The conversion tool converts standard input to standard output. The lookup tool memory maps the database on standard input and looks up each command line argument. In both cases, standard input must be a file, not a pipe.
$ glove-convert <glove.840B.300d.txt >glove.840B.300d.db
$ glove-lookup <glove.840B.300d.db hello world
hello ...
world ...
For command line tools, compile each glove-*_PLATFORM.c
or use make
:
$ cc -O2 -o glove-convert glove-convert_PLATFORM.c
$ cc -O2 -o glove-lookup glove-lookup_PLATFORM.c
For the library on POSIX:
$ cc -shared -O2 -o libglove.so glove.c
Library on Windows (w64devkit):
$ cc -shared -nostdlib -O2 -o glove.dll glove.c glove.def -lmemory
Library on Windows (MSVC):
$ cl /LD /O2 glove.c /link /def:glove.def
The database is laid out as a series of 32-bit words in native byte order, except for the string table at the end. It is a full copy, independent of the original text data.
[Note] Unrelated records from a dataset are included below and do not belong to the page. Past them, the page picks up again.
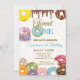 Celebrate your little one's first birthday with this adorable donut-themed invitation, featuring colorful sprinkles and sweet donut graphics.
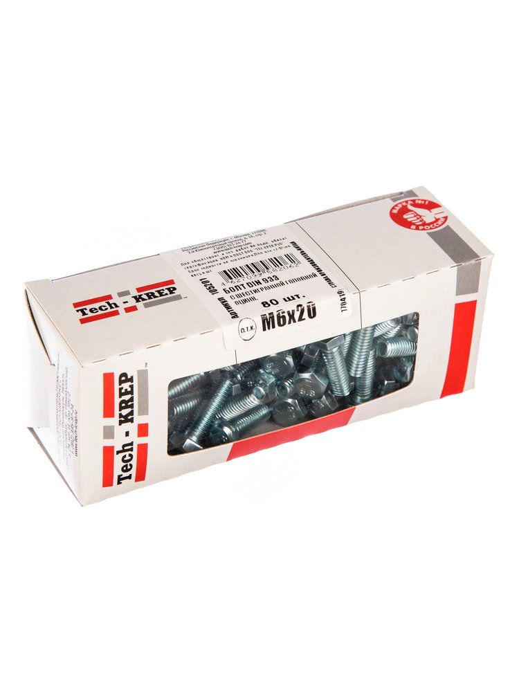 Болт с шестигранной головкой DIN933 оцинкованный М6х20 от Tech-Krep представляет собой надежный крепежный элемент, изготовленный из высококачественной стали с цинковым покрытием для защиты от коррозии. Размер болта М6 (диаметр резьбы 6 мм) и длина 20 мм делают его универсальным для различных монтажных работ. В упаковке с окном содержится 80 штук, что удобно для использования в больших объемах. Конструкция с полной резьбой обеспечивает прочное и устойчивое соединение деталей. Этот крепеж соответствует стандарту DIN933, гарантируя высокое качество и точность размеров.
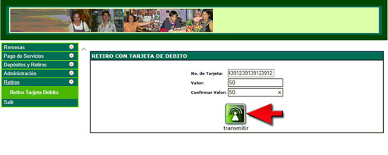 2. Ingrese el número de tarjeta de débito del cliente, el valor por el que desea realizar el retiro y confirme nuevamente el valor. Presione el botón Transmitir.
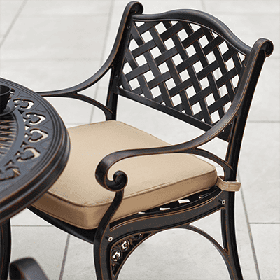 Crafted using high-quality, robust aluminium, this single chair is complete in an antique copper finish. A perfect item in both isolation and in collaboration with our other items from this set. Bring your outdoor garden area to life with this stunning design, which features a stunning lattice design on both the back support and the base of the chair. As well as an elegant swirl pattern for the arms and legs.
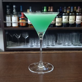 スコッチウイスキー40mlとコアントロー10mlとライムジュース10mlとブルーキュラソー1tspをシェイクして、カクテルグラスに注ぐ。
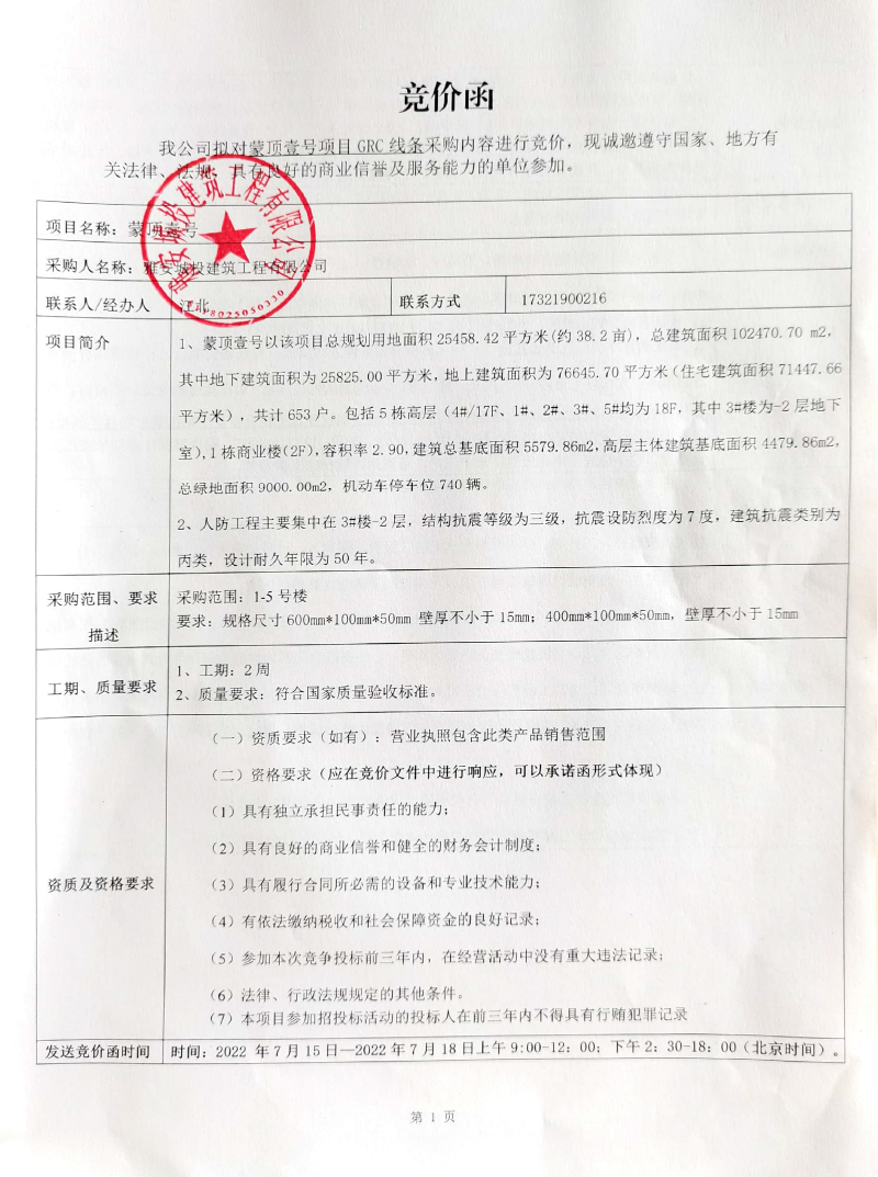 蒙頂壹號(hào)項(xiàng)目GRC線條采購(gòu)競(jìng)爭(zhēng)公告
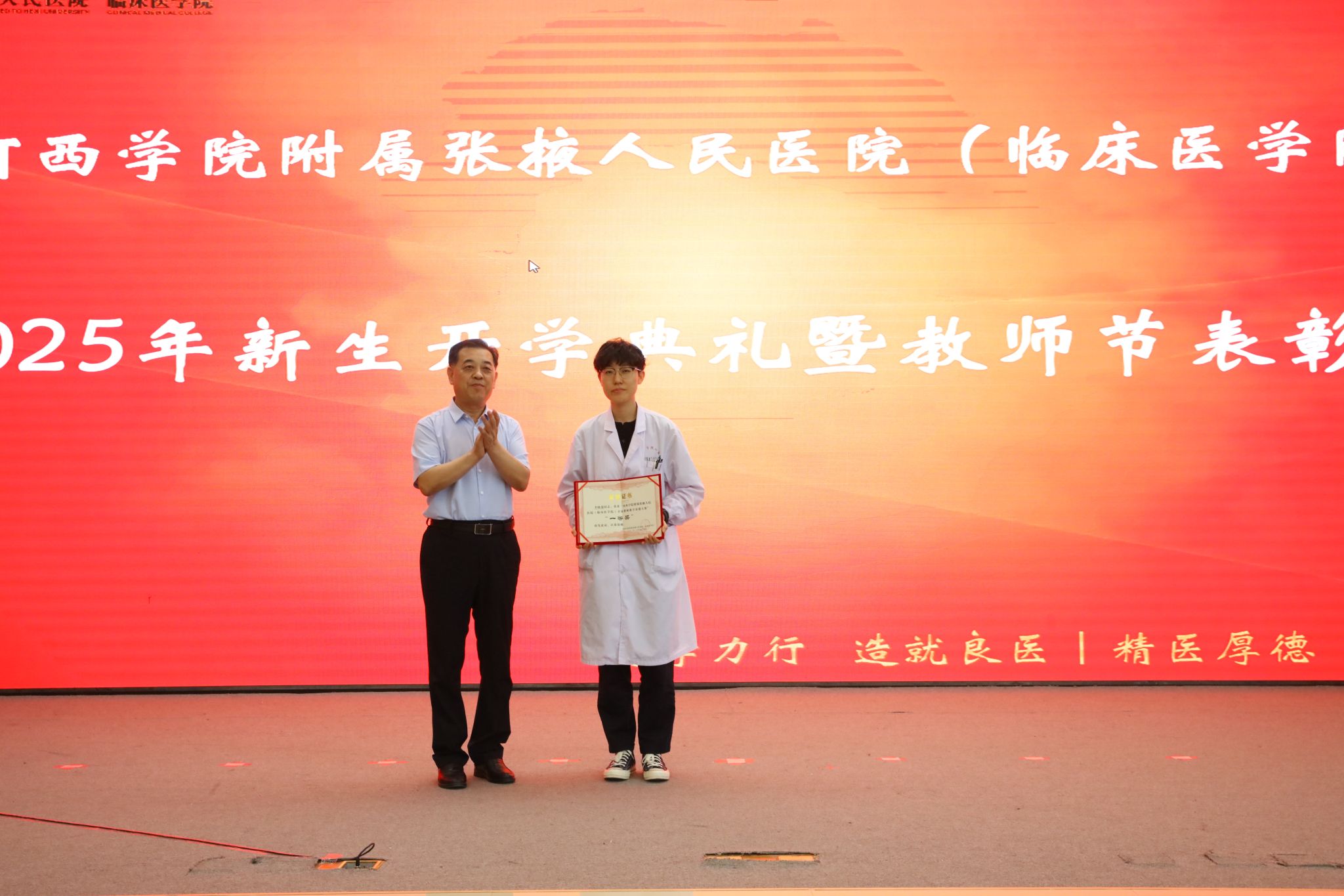 为优秀新生颁发荣誉证书

i32 : number of words (nwords)
i32 : number of dimensions (ndims)
i32 : mask-step-index exponent (exp)
i32[nwords] : array of string table offsets to word endings
f32[ndims*nwords] : 2D array of all embedding data
i32[1<<exp] : mask-step-index hash table slots
u8[] : string table
It is intended to be memory-mapped and used in place. The index is an MSI hash table with an FNV hash on words as keys. For its keys, hash table slots reference the offset array using 1-indexing, reserving zero for empty slots, and the embeddings array for values for key matches.
String table offsets are one-past-the-end of the word, which allows length and offset to be encoded simultaneously. To determine word length, compare the offset to the preceeding word in the array. The first word lacks a preceeding word, and so its offset is also its length.